Война закончилась. В том-то и беда. Ушли нуждавшиеся в продовольствии «красные мундиры», отбыли офицеры, желавшие себе домов, меблировки и слуг. Военные корабли задержались ненадолго – их тоже след простыл. Вся местность пришла в упадок. С деньгами стало туго. Лондонские купцы переправляли за океан излишки товаров и продавали их по бросовым ценам в Нью-Йорке, из-за чего честные ремесленники не сводили концов с концами. Зато цены взвинчивали фермеры, компенсируя уменьшившийся спрос.
– Англия использует это место для борьбы с французами, – сказал домашним Чарли, – но, едва дело сделано, бросает нас на произвол судьбы.
Не пострадали только богачи. Они обитали в другом мире. Театр был полон. Открывались парки, названные по образу и подобию лондонских – Ранела, например. Люди называли это Лондоном в Нью-Йорке. У лиц вроде Джона Мастера дела шли прекрасно.
Чарли избегал Мастера с момента возвращения купца из Лондона. Он отлично знал о пребывании юного Джеймса в Оксфорде, ибо по-прежнему, с горечью, следил за каждым шагом этого семейства. Но если бы его спесивый друг пожаловал в гости, Чарли плюнул бы ему в лицо.
Дела в доме Уайтов пошли до того плохо, что жена Чарли начала ходить в церковь. Конечно, не в англиканскую. «Оставим это ораве из храма Троицы», – думал Чарли. Она предпочла диссентеров[31 - В Англии – одно из наименований лиц, отклоняющихся от официально принятого вероисповедания. Термин появился в связи с распространением Реформации и применялся для обозначения тех, кто подвергался преследованиям со стороны государственной Церкви. В зависимости от характера последней диссентерами в разное время назывались представители различных вероисповеданий. Чаще всего диссентерами назывались пуритане.
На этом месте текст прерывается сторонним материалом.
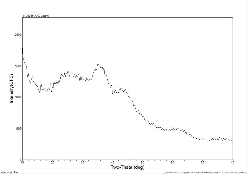 是有一点很小的峰,不过估计可以忽略了吧,和之前不用溶胶凝胶法做的同样的催化剂比,xrd图基本可以视为无定型了。
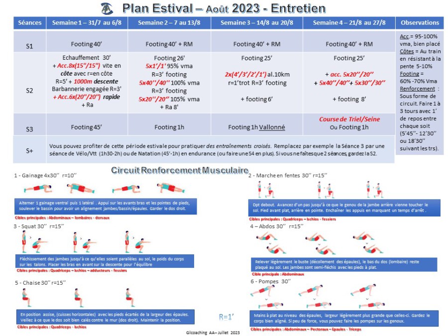 Petite mise à jour de l'agenda club en cours. A noter sur vos calendriers le Test Vma qui se déroulera le mercredi 1er et jeudi 2 octobre. L'Assemblée Générale est prévue le jeudi 9 octobre (pas d'entrainement ce jour-là). En ligne les prochaines séances club pour la quinzaine à venir et également la suite du plan pour le marathon de la Baule avec la phase dite spécifique. Si vous voulez participer à la prochaine course club, les Foulées Achéroises du 28/9, rapprochez-vous rapidement auprès de Thierry. Bonne course à tous pour les AA engagés demain. Gilles

При королеве Елизавете диссентерами называли всех противников Англиканской церкви.]. Иногда, желая ее порадовать, он даже ходил с ней на службы и проповеди. Но сам не веровал.
– Твоя мать обратилась к религии, сынок, – сказал он Сэму. – Думаю, это от нищеты.
Но где носят черти юного Сэма? Вот почему Чарли шагал по Бродвею в морозных сумерках. Искал своего ненаглядного сына. Тот ушел днем. Чем он, черт побери, занимается?!
Конечно, Чарли догадывался чем. Сэму было семнадцать, и Чарли не без гордости заметил, что он начинает пользоваться успехом у девушек. На прошлой неделе он заметил его с хорошенькой горничной. Скорее всего, с ней и прохлаждается шалопай.
Но на дворе была Двенадцатая ночь, которую семейство отмечало в полном составе. Сэму следовало лучше соображать. Чарли собрался устроить ему нагоняй, когда найдет.
Миновал час. Чарли обошел все таверны в Вест-Сайде, но сына нигде не видели. В раздражении он пошел домой. Все остальные были в сборе и ждали трапезы. Так что поели без Сэма. А жена сказала, что если с Сэмом все в порядке, то она ничуть не расстроена, что было откровенной ложью.
Поэтому, когда все закончилось, Чарли вышел опять. Жена сказала, что это бессмысленно, и он был согласен, но просто не смог сидеть на месте. Уже была темная ночь, приправленная злым ветром. По небу неслись рваные тучи, в прорехах слабо и холодно посверкивали редкие звезды. Улицы были почти пусты.
Чарли пошел по Бродвею, заглянул в несколько таверн, но без толку. Миновав церковь Троицы, направился дальше на юг. Теперь он вступал на ненавистную территорию.
Тогда ее называли районом богачей. Старый форт стал фортом Джордж. Находившийся перед ним маленький парк Боулинг-Грин был изящно огорожен и превращен в фешенебельный анклав с уличными фонарями в каждом углу, которые отпугивали бродяг. Здесь стоял губернаторский дом. Даже таверны носили королевские названия.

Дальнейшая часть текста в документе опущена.